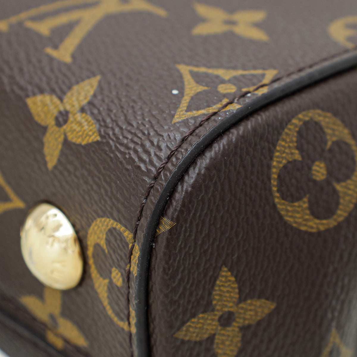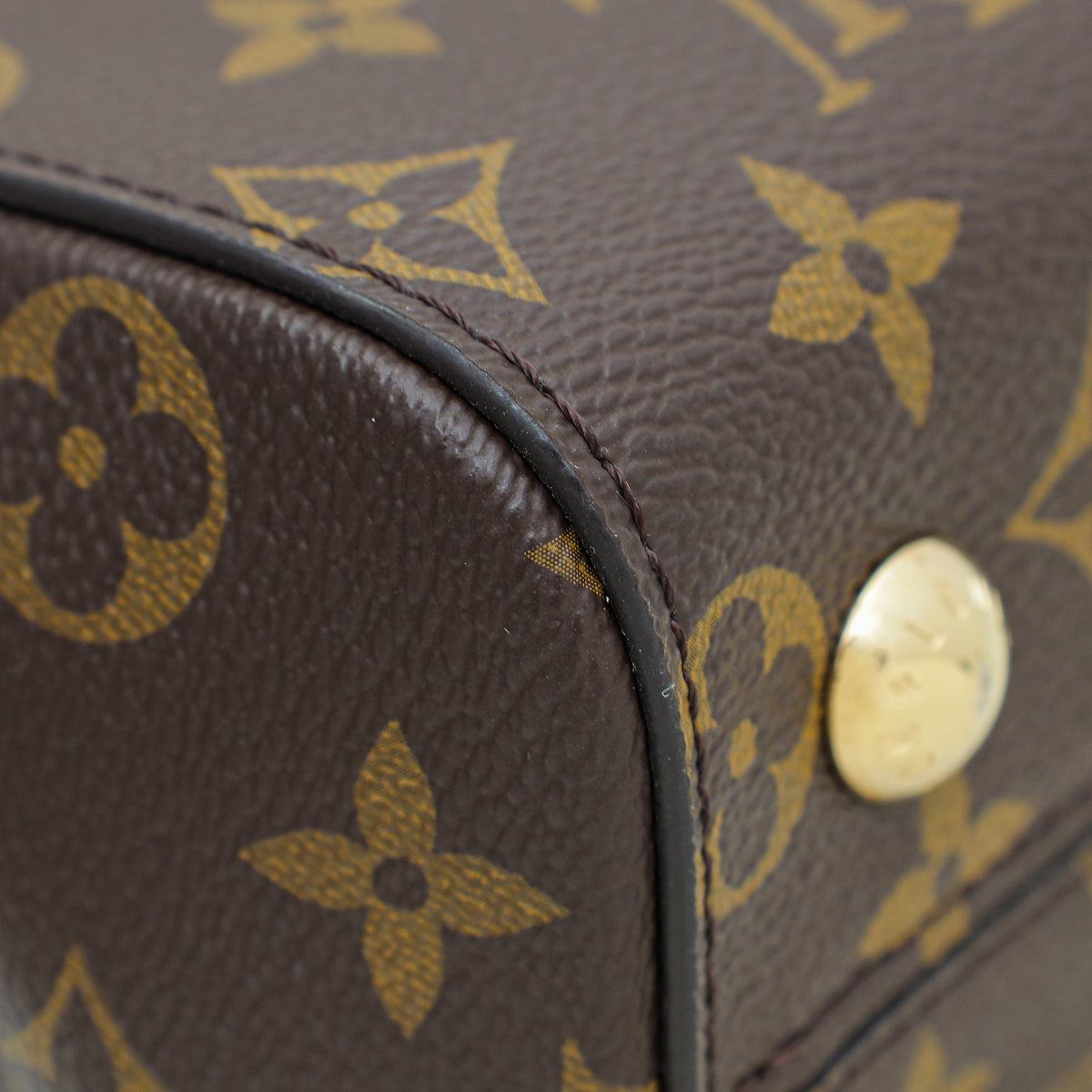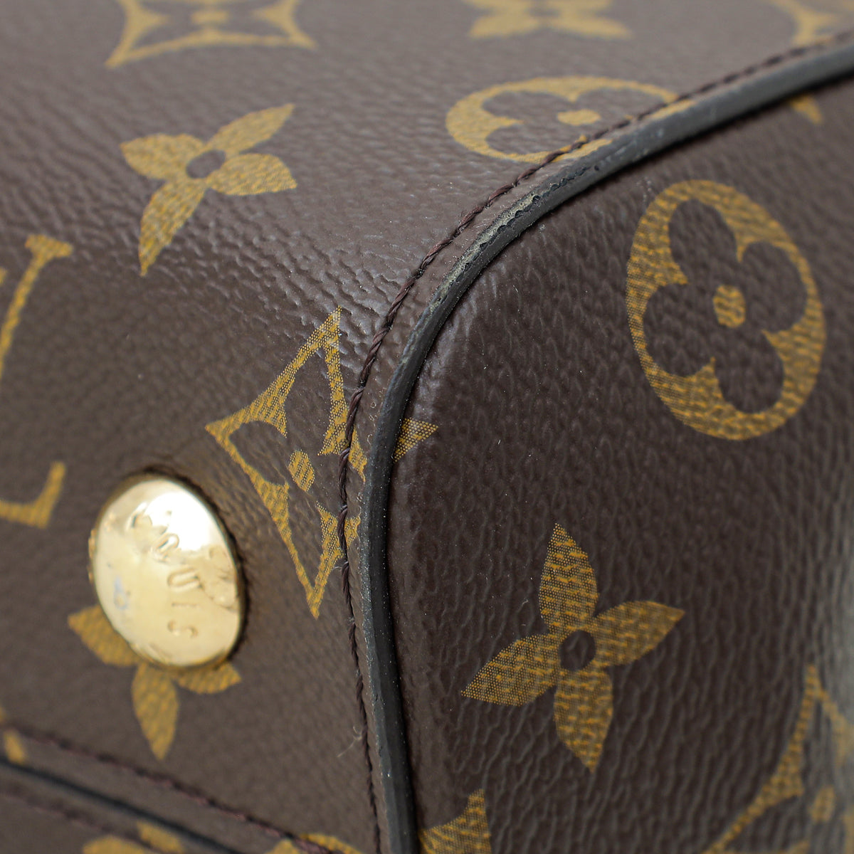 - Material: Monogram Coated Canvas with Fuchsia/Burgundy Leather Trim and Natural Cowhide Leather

* * *

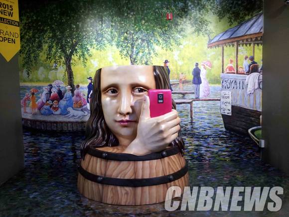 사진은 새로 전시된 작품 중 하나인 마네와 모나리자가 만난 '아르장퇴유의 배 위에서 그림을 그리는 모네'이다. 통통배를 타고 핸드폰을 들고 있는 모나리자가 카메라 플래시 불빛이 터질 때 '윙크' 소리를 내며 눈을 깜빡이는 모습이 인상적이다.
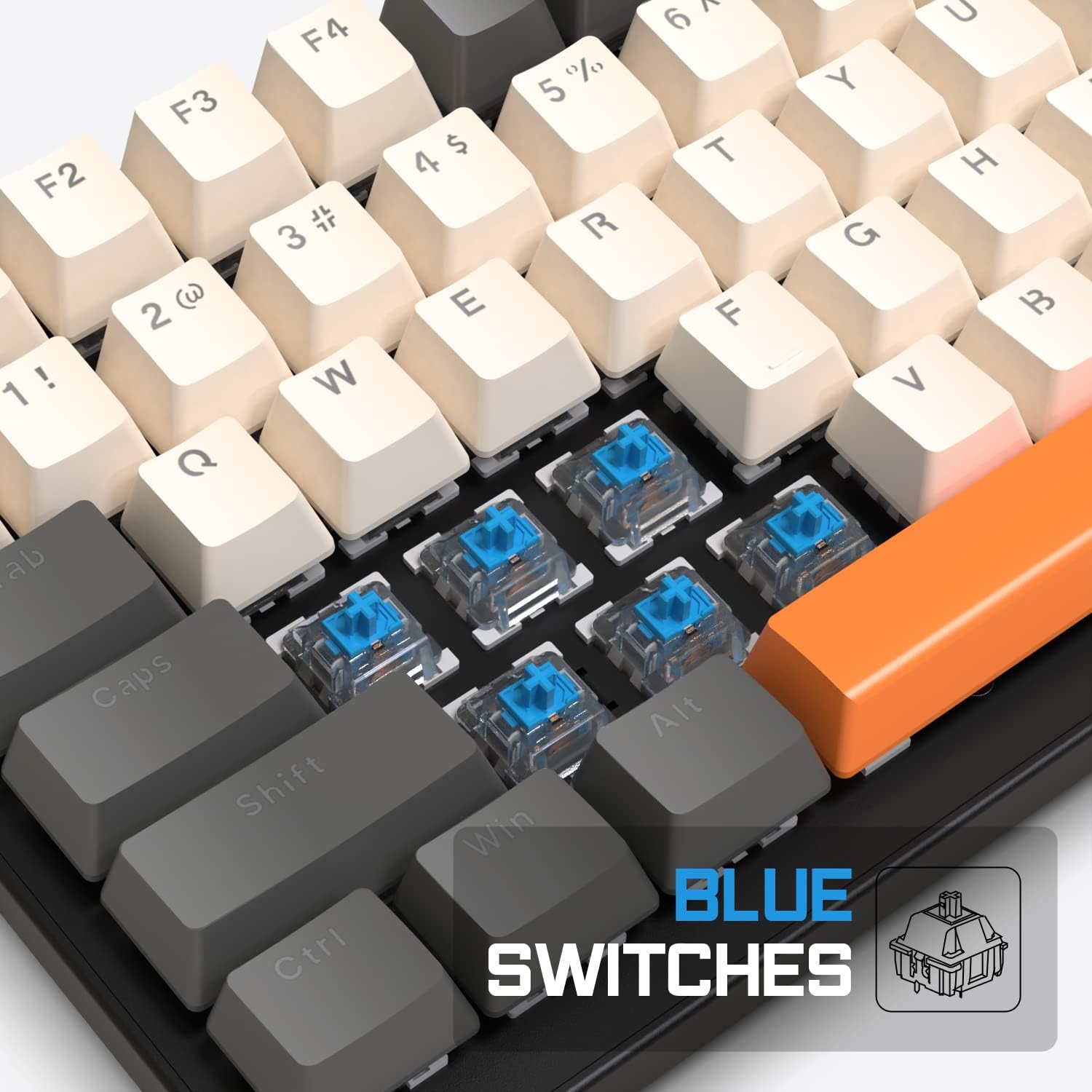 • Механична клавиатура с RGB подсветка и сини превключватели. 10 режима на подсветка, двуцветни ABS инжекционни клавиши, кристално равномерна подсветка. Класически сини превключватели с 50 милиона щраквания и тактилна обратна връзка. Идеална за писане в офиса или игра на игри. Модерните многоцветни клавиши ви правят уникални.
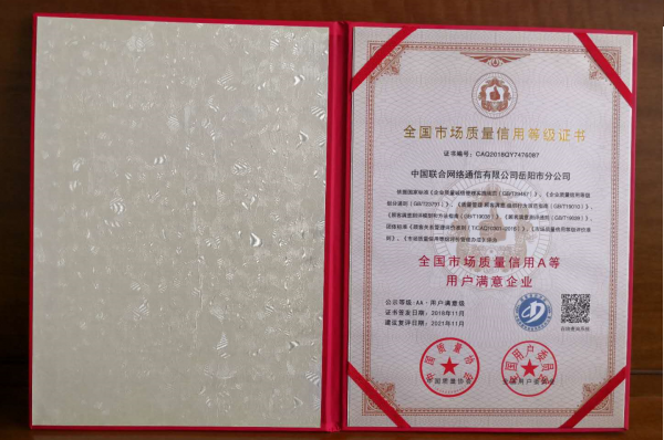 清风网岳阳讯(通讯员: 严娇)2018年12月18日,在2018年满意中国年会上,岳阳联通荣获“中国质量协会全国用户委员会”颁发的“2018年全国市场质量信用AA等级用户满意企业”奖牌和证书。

---

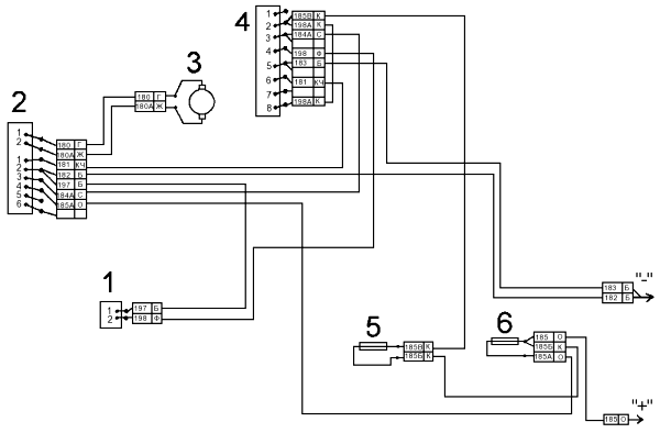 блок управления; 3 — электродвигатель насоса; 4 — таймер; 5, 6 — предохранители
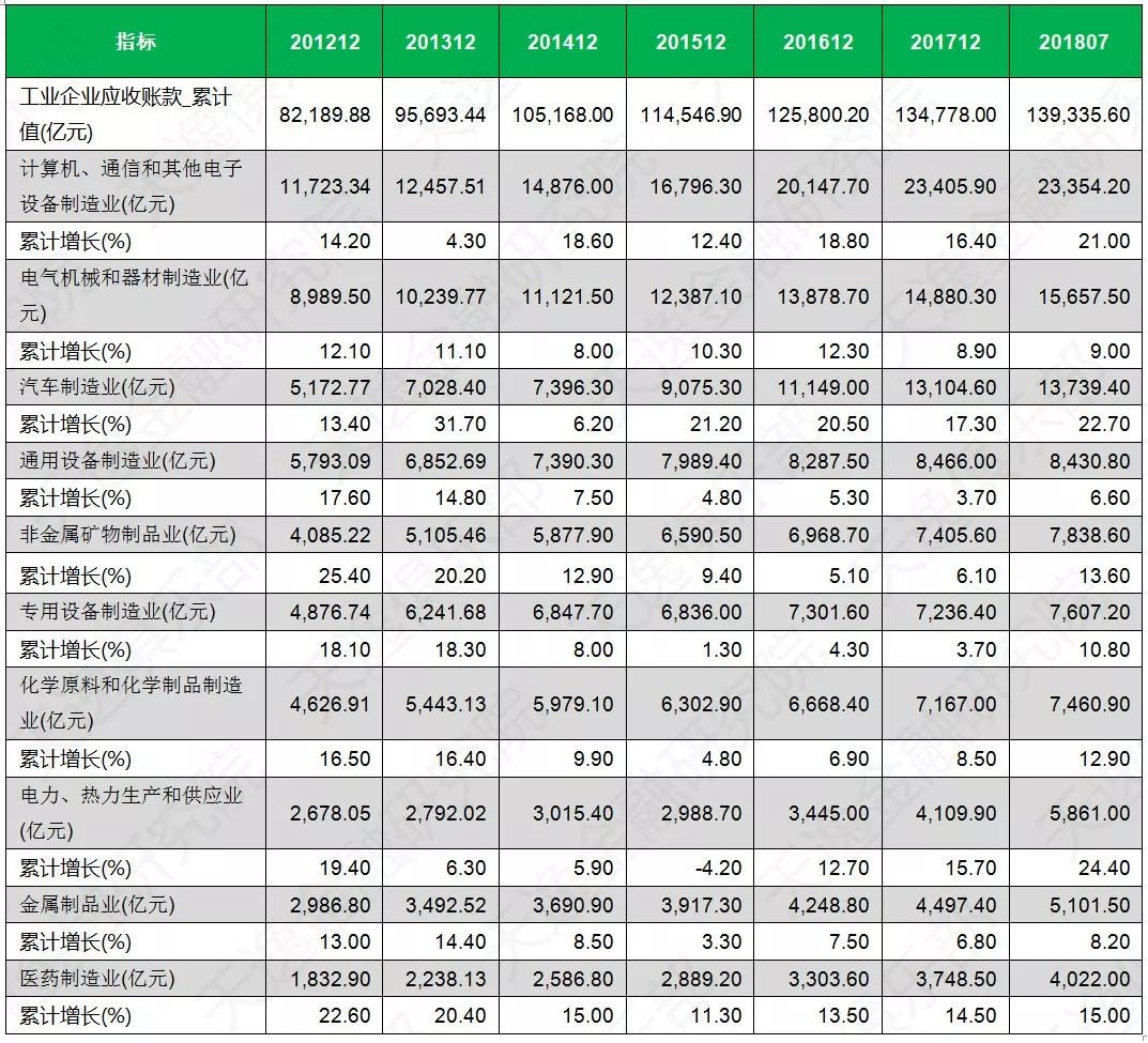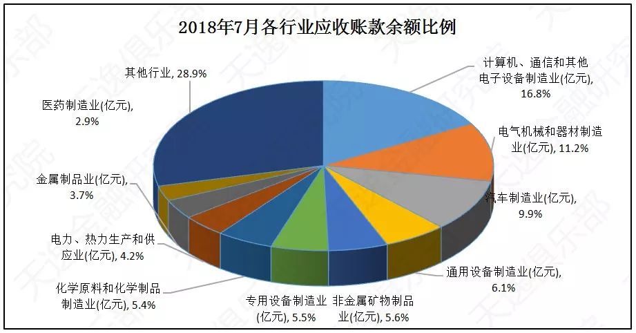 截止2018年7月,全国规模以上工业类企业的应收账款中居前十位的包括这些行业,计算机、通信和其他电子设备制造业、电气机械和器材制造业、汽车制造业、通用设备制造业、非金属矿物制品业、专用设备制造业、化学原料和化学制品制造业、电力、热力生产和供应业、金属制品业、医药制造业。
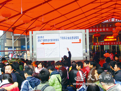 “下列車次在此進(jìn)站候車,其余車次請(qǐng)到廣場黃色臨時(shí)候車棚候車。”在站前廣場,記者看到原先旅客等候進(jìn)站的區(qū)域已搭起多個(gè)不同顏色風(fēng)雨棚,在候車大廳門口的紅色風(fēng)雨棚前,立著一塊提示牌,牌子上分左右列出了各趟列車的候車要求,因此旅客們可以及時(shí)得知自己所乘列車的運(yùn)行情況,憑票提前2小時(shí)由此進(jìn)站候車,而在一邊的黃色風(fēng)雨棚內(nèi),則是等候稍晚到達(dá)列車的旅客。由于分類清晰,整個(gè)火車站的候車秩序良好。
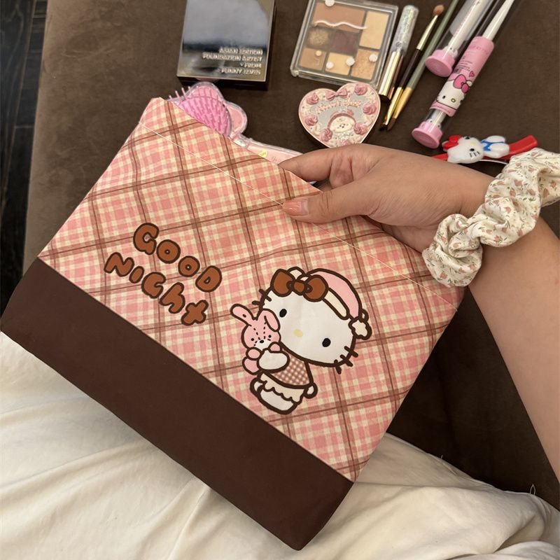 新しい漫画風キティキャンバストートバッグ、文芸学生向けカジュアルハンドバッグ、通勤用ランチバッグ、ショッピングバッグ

_EXERCISE REQUIREMENTS_
Copy only the lines above from the one containing "ви правят уникални." through the one containing "清风网岳阳讯(通讯员: 严娇", both included. Leave out the pictures.

_PROBLEM SOLUTION_
 • Механична клавиатура с RGB подсветка и сини превключватели. 10 режима на подсветка, двуцветни ABS инжекционни клавиши, кристално равномерна подсветка. Класически сини превключватели с 50 милиона щраквания и тактилна обратна връзка. Идеална за писане в офиса или игра на игри. Модерните многоцветни клавиши ви правят уникални.
 清风网岳阳讯(通讯员: 严娇)2018年12月18日,在2018年满意中国年会上,岳阳联通荣获“中国质量协会全国用户委员会”颁发的“2018年全国市场质量信用AA等级用户满意企业”奖牌和证书。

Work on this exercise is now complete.